Ari Lax — Four-Color Copy Cat (Jegantha)

I’m going to take Cedric at his literal word today. The good news is this deck is offensive in so many ways I have many other topics to cover with it.

This deck is all cards that have been banned in other formats, plus some copies of Remand, Path to Exile, and Utopia Sprawl. It reminds me of the actual best Standard deck since Memory Jar: Twinblade. Every aspect of your gameplan is the best stuff to do in the format, and then you also have a combo. Even the sideboard is just the best efficient answer spread possible thanks to four colors of mana and fetchable Raugrin Triome.

I think the big advancement made from earlier lists is just playing a ton of Wrenn and Six. Force of Negation has condensed a lot of the linear space in Modern to decks that tend to run into the repeated ping issue.

I guess there was another big advancement for the slightly clunky, mana-hungry, sorcery-speed deck recently, but for that I’ll refer you to Cedric’s Tweet and just say I enjoy my continued employment with Star City Games.

Andrew Elenbogen — Humans

Modern has recently taken a sharp turn towards fair decks with Rakdos Death’s Shadow rapidly becoming the de facto best deck. Like most Death’s Shadow decks historically, it presents a combination of disruption and a fast clock that makes playing a combo deck unappealing.

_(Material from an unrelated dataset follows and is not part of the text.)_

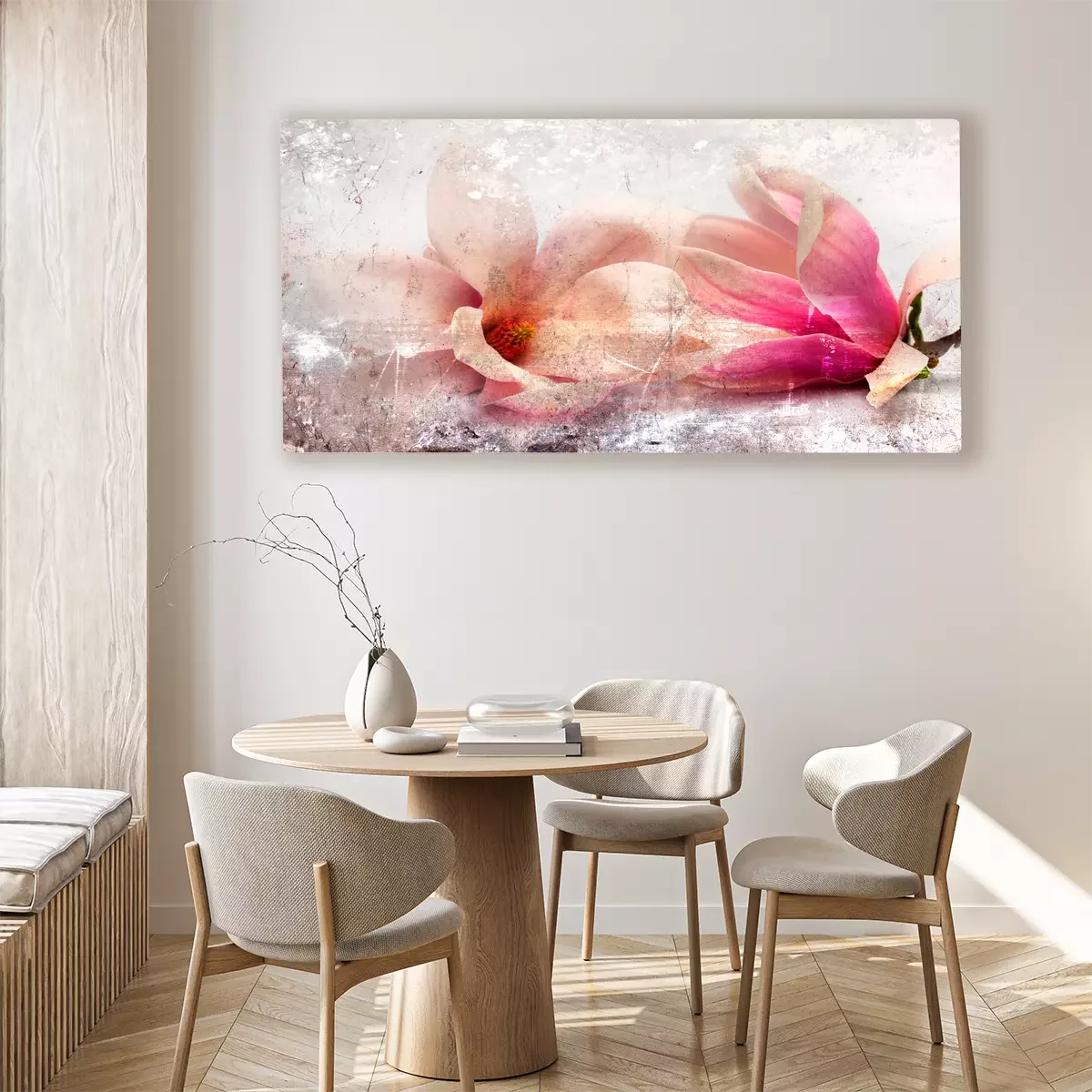 Zwei liegende magnolienblüten in rosatönen

But, like most historical Death’s Shadow decks, this one is quite vulnerable to Humans. Thalia, Guardian of Thraben makes their cheap spells and prowess creatures awkward. Reflector Mage handles their larger creatures, while making progress on the battlefield. That’s not to mention the fact that Humans has access to some of the best anti-Death’s Shadow options of any deck in Modern. Auriok Champion has protection from their library, Chalice of the Void locks out half of their spells, and Skyclave Apparition makes sticking a large threat nearly impossible for them.

Speaking of the Zendikar Rising three-drop, this card has really impressed me and is a major reason why I am recommending Humans today. The fact that opponents get a worthless vanilla creature when they remove it is such a huge upgrade from Banisher Priests of the past. In this deck, I have gone down to only one copy of General Kudro of Drannith with the expectation that I will frequently be sideboarding in all of my Skyclave Apparitions. That will keep my curve lean and prevent three-drop overload. I have also added a second Silent Clearing to ensure that casting the Kor Spirit will not be too difficult. I haven’t done it yet, but I definitely don’t think maindecking the card is out of the question.

Humans remains solid against Uro control decks and unfair combo decks such as Oops All Spells. I have also historically liked the deck’s matchup against Amulet Titan, which is one of the few combo decks that can realistically stand-up to Rakdos Death’s Shadow. Right now, I see little reason not to cast some small disruptive creatures in Modern.

Corey Baumeister — Four-Color Control

Bant Control featuring Field of the Dead was already the best deck in Modern pre-Zendikar Rising, so it only makes sense to jam some Omnaths into the deck and call it a day. I’m a big fan of just playing the broken cards in Modern and there really isn’t a card more broken then Uro. Whenever you get to pair this powerful Titan with fetchlands, it really elevates this card to another level.

With Four-Color Copy Cat and Rakdos Death’s Shadow both being very good decks at the moment, you really have to make sure you don’t have any cards in your deck that are really bad against either side of the spectrum. Counterspells and Path to Exiles are really the perfect catch-alls to the format and give you game against anything. Outside of the highly versatile cards in our deck, you also just get to kill people with your lands. Field of the Dead is the perfect card to just sit back on permission spells and let the Zombies do the heavy hitting.